Most scholars now accept that there was little Girty could do to prevent Crawford's death. Unlike his relationship with the Wyandot, Girty had little influence among the Delaware, for whom the execution was justifiable retribution for the massacre at Gnadenhutten. Even the Moravian missionary John Heckewelder, the first to name Girty a "white savage," believed that "it was not in the power of any man" to save Crawford.

Girty was vilified not only because he was a turncoat but because he was "race traitor" who championed the cause of Indigenous people and incited them to commit violence against whites. Early historians blamed Girty for "depredations he didn't commit and credited him for leadership he never possessed." Some falsely claimed that Girty led the 1777 Siege of Fort Henry, and that he led the forces that routed the Kentucky militia at the Battle of Blue Licks. Perversely, some even made Girty the scapegoat for Gnadenhutten, arguing that had the "renegade" not incited Indigenous warriors to commit atrocities, the Americans would never have massacred the Moravian Lenape.

Recent scholarship has drawn on the textual evidence contained in the Wisconsin Historical Society's Draper Manuscript Collection to provide a more balanced and nuanced account of Girty's life. Historian Lyman Copeland Draper spent much of his career collecting information about Girty and other frontiersmen and interviewed several who had known or encountered Girty. Among those interviewed were Elizabeth Turner, who had been a captive of the Wyandot at the time Crawford was killed, and Girty's daughter, Sarah. Access to the Draper collection and other primary sources has permitted authors such as Colin Calloway, David Barr, and Phillip Hoffman to dispel many of the myths surrounding Girty, however, he remains a controversial figure.

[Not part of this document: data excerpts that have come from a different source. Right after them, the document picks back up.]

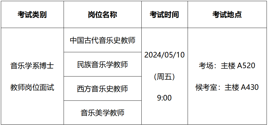 学院定于2024年5月10日进行音乐学系的中国古代音乐史教师、西方音乐史教师、民族音乐学教师、音乐美学教师4个岗位的考试。请已报名相应岗位的应聘人员继续关注永利23411集团官网通知公告栏目的公开招聘考试的相关通知。
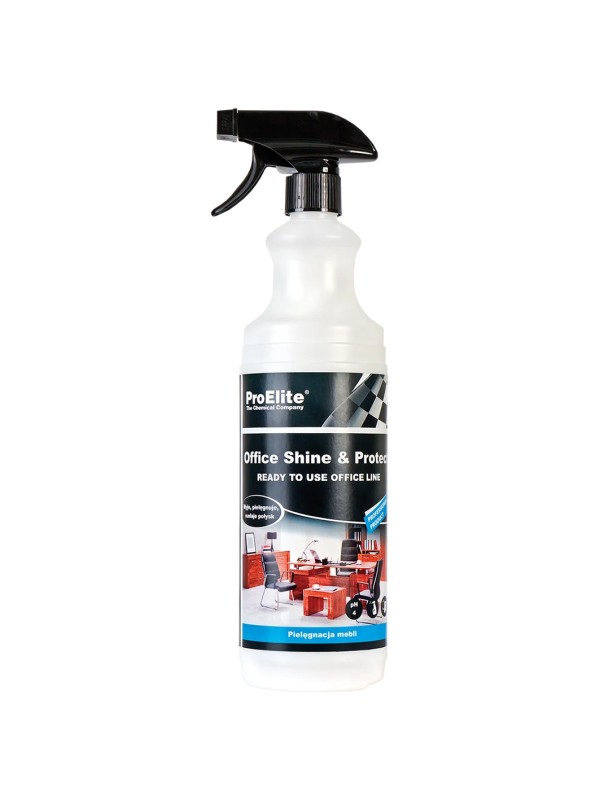 ProElite OFFICE SHINE & PROTECT on mitmeotstarbeline hooldus- ja viimistlusvahend, mõeldud puit-, laminaat- ja mööblipindadele. Toode annab pinnale sügava läike, rõhutab puidu või laminaadi värvi ning loob antistaatilise kaitsekihi, mis aitab vältida uue mustuse ja tolmu kogunemist. Lisaks annab meeldiva viimistluse ja värskendab objekti välimust. Toode on kasutusvalmis - pihusta pinnale või kanna lapile, hõõru ühtlaselt ja pühkida kuivaks. Sobib kodu-, kontori- ja büroomööblile.
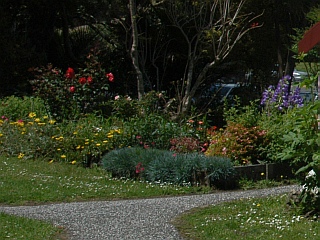 These three raised flower beds are the remaining flower beds from Mary Williams garden layout, which once sprawled all over the rear service garden area. While they are in what is known as the rear service garden, they provided flowers for the house. The beds are now cared for by volunteers and always have a good showing. Where possible heritage plants are used for planting. |
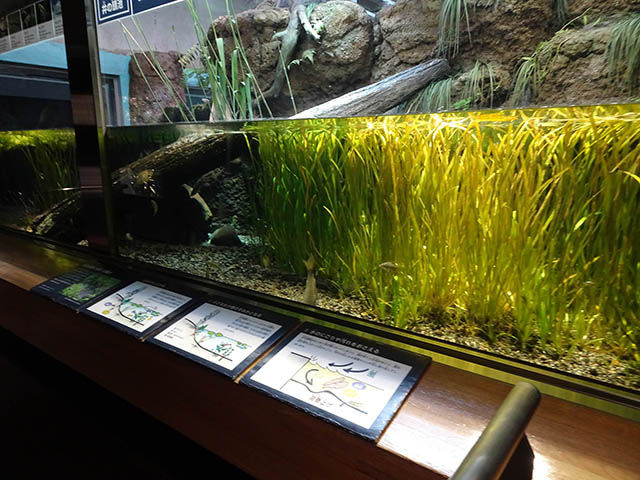水鳥たちの奥に進むと、分園の目玉ともいえる水生物館があります。
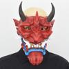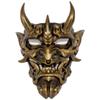 This horror-themed mask features a resin construction with three color options: red, silver, and copper, each measuring approximately 31x23.5cm. Designed as a mythological prop, it supports display and costume use for themed events or holiday celebrations. Easy to clean with a damp cloth, it enhances Halloween, Christmas, or festival decorations with its striking, spooky appearance.
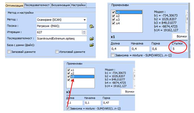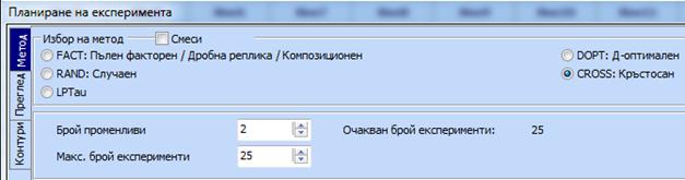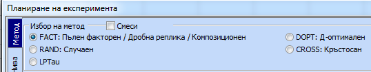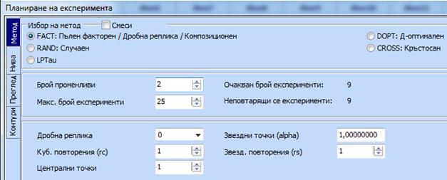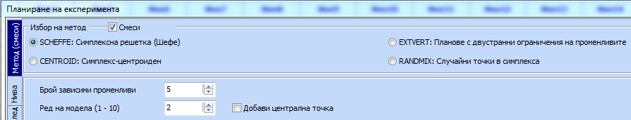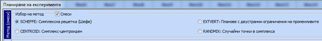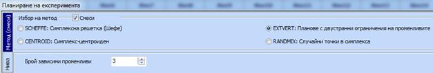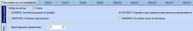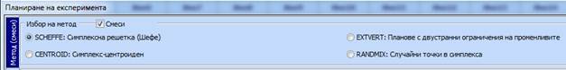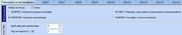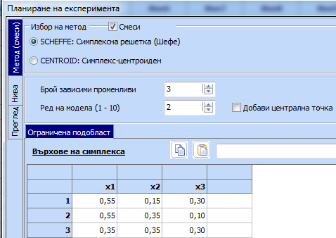 При избор на метод се маркира „SCHEFFE: Симплексна решетка (Шефе)“. Избира се брой зависими променливи и ред на модела. Възможни са следните съчетания (в таблицата е посочен броят на опитите за съответния план).

==Representation in culture==
- In his 1846 novel Simon Girty: the Outlaw – An Historical Romance, Uriah James Jones depicts Girty as a "fanatical tomahawk-waving warmonger."
- Simon Girty: "The White Savage"—A Romance of the Border is an 1880 novel by Charles McKnight that presents Girty in a somewhat more favourable light.
- Girty is sympathetically portrayed in historical writer Allan Eckert's The Frontiersmen and That Dark and Bloody River, however, his use of invented dialogue and filling historical gaps with conjecture tends to damage his credibility.
- Girty, along with his brothers, is vilified in novelist Zane Grey's frontier trilogy series Betty Zane, The Spirit of the Border and The Last Trail. In the second novel of the trilogy, Grey made Girty and his brother James directly responsible for the Gnadenhutten massacre.
- Girty was played by American actor John Carradine in the 1936 film Daniel Boone directed by David Howard. In the film, Girty is killed by Boone.
- Girty is featured as one of the jury members in Stephen Vincent Benét's 1936 short story "The Devil and Daniel Webster" and in the 1941 movie of the same title. Benét describes Girty as "Simon Girty, the renegade, who saw white men burned at the stake, and whooped with the Indians to see them burn. His eyes were green like a catamount's, and the stains on his hunting shirt did not come from the blood of the deer."
- Girty is the main character in Timothy Truman's two volume graphic novel Wilderness: The True Story of Simon Girty the Renegade.
- Girty is a major character in Paul Green's Trumpet in the Land, Ohio's official state play, and the protagonist of Joe Bonamico and Mark Durbin's The White Savage.
- Girty decision to fight on behalf of Native Americans is the inspiration for the 2002 song "Simon Girty's Decision," by Indigenous poet, composer and instrumentalist Todd Tamanend Clark.
- Girty is the subject of the song "Converts at the Tents of Grace" by the American death metal band Arghoslent.